Her head was hung down as a small drizzle began. Rainwater slid down the back of her neck, around her ears and she lifted her face after a short time to the heavens. It felt in a way like freedom, like she was a kid again free of her choices in life. Lifting her body from the ground and assuming a defensive pose she imagined her opponents. She walked through her workout by the numbers, each move each stance precise. Cage pivoted on the ball of her foot and executed a perfect arm block. She felt fluid and smooth. It was perfection. A mindless exercise that was all muscle memory.
Cage dropped to her knees when the flash of pain hit her in the middle of her forehead. It was as if that rifle butt slammed into her again. She dragged herself up on wobbly feet and retook her stance. She struck out in an offensive move, elbow perfectly angled.

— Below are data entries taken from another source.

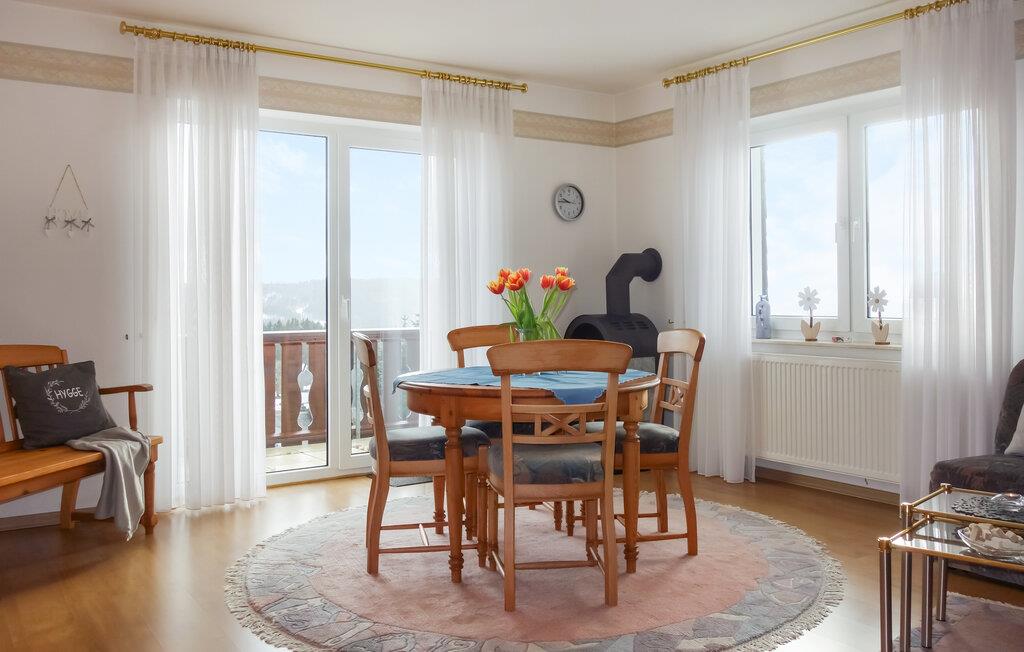 Denne skønne lejlighed ligger i et større kompleks i en idyllisk beliggenhed med udsigt til bakker, enge og skove. Her venter jer en behagelig base, hvor I kan fyre op i brændeovnen og hvile stængerne med brætspil og kortspil ved spisebordet. Boligen er udstyret med alt, I behøver til en afslappende ferie uden de store bekymringer. I sommermånederne kan I trække ud på altanen og nyde en lækker morgenmad med en skøn udsigt til de smukke omgivelser.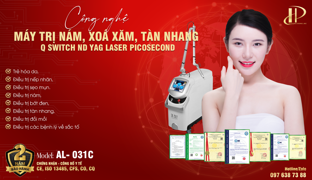 Máy trị nám tàn nhang Q SWITCH ND YAG LASER AL-031C là công nghệ Q SWITCH mới nhất có 03 bước sóng 1064nm, 532nm và 755nm. AL- 031C là dòng máy ND YAG Laser trục khuỷu sử dụng công nghệ Picosecond (Công nghệ Pico giây) chuyên điều trị sắc tố như các bệnh lý về nám, xóa các hình xăm.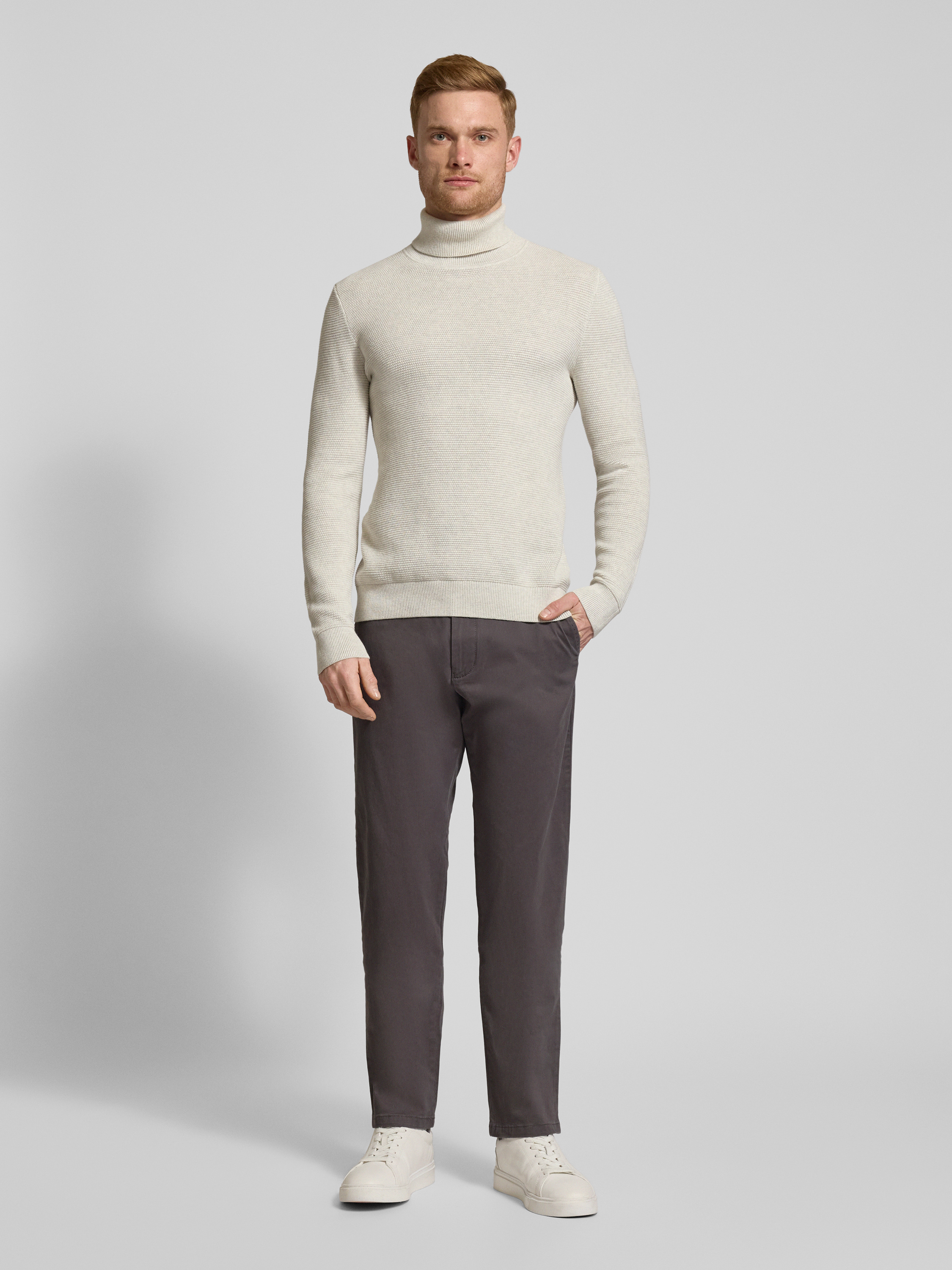 • Christian Berg Men Chino met Franse steekzakken Taupe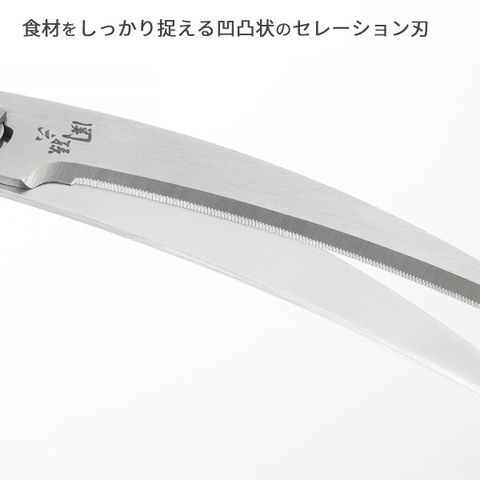 絶妙なカーブと凹凸形状の刃で食材が切りやすく、握りやすいハンドル形状のキッチンバサミ。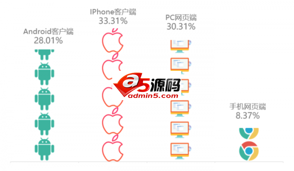 值得一提的是,IPhone客户端用户占比比Android客户端多了5.32%(据艾瑞咨询2017年10/30-11/5移动设备指数统计,IPhone设备占比仅为24.88%)。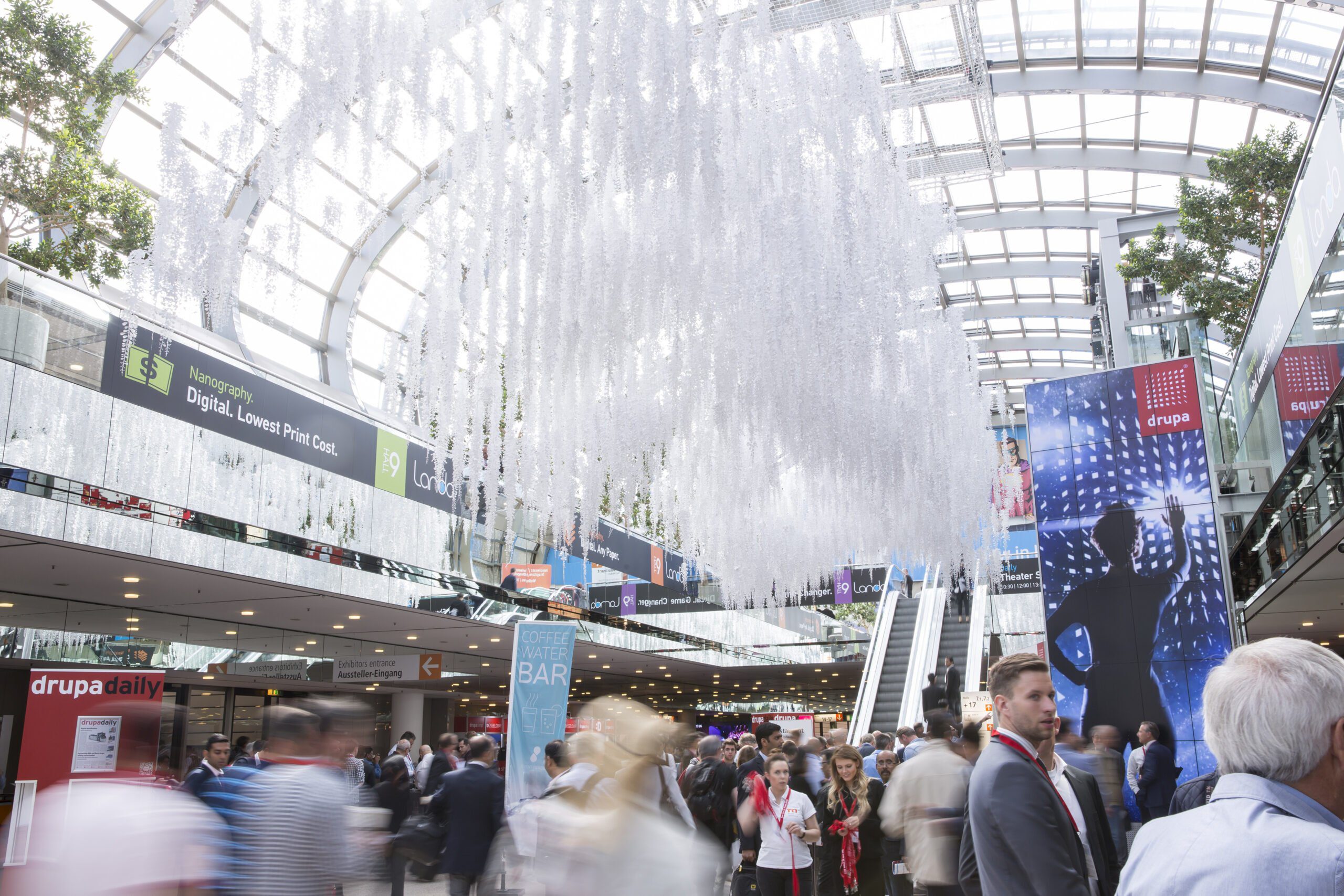De beurshallen (achttien totaal) zijn als vanouds goed gevuld. Het contingent Chinese standhouders is gegroeid en nu verantwoordelijk voor 40 procent van de stands. Verschillende grote merken, die al veel edities aanwezig zijn, hebben minder standruimte dan voorheen. Dat geldt niet voor álle merken. HP is met een volledige hal duidelijk zichtbaar. Ook bedrijven als Canon en Fujifilm hebben grote stands geboekt. Geen toeval als je bedenkt dat juist deze bedrijven tegelijkertijd in heel verschillende disciplines in de grafische markt actief zijn met hun printers.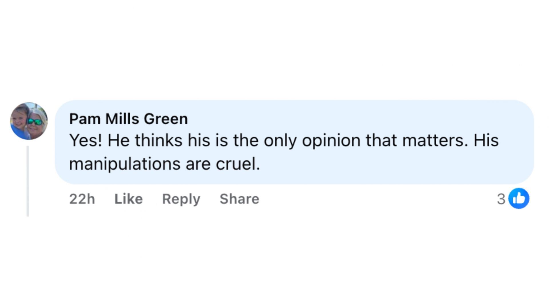 “Yes! He thinks his is the only opinion that matters. His manipulations are cruel.”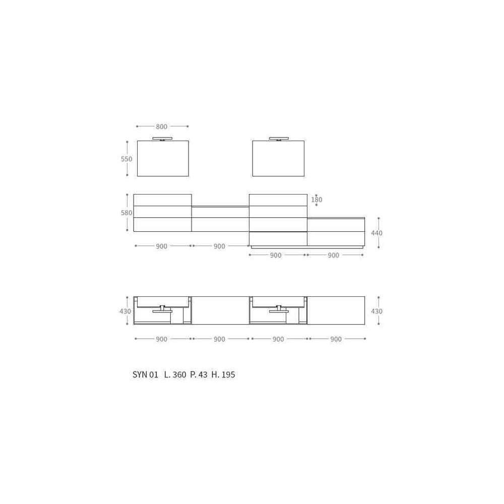 Dwuczęściowa szafka pod umywalkę z szufladami Lasa Idea Syn 01

The pain hit again and she buckled at the knees. Cage stood again breathing hard, nearly panting. If the old man is right I am Laird, Laird’s do not show pain. Pain is nothing, pain is just a reminder that you live, maybe not well but alive anyway.
Cage retook her combat stance. “It ain’t nothing but a thing.” She said out loud to the rain and Gentleman owl. “It ain’t nothing but a thing.” A sweeping round house kick punctuated the statement and she settled within a certain peace at the end of the sentence as her foot settled on the ground.
The smile that crossed her face in that moment was much like the smile she had worn as a child. It was easy and free of the demands of her country, her obligations and her choices. The smile was that of a child that had just won the game of ‘who can get more dizzy’ by turning in circles. For just a moment in the early false dawn Cage Quinn was free of Cage Quinn.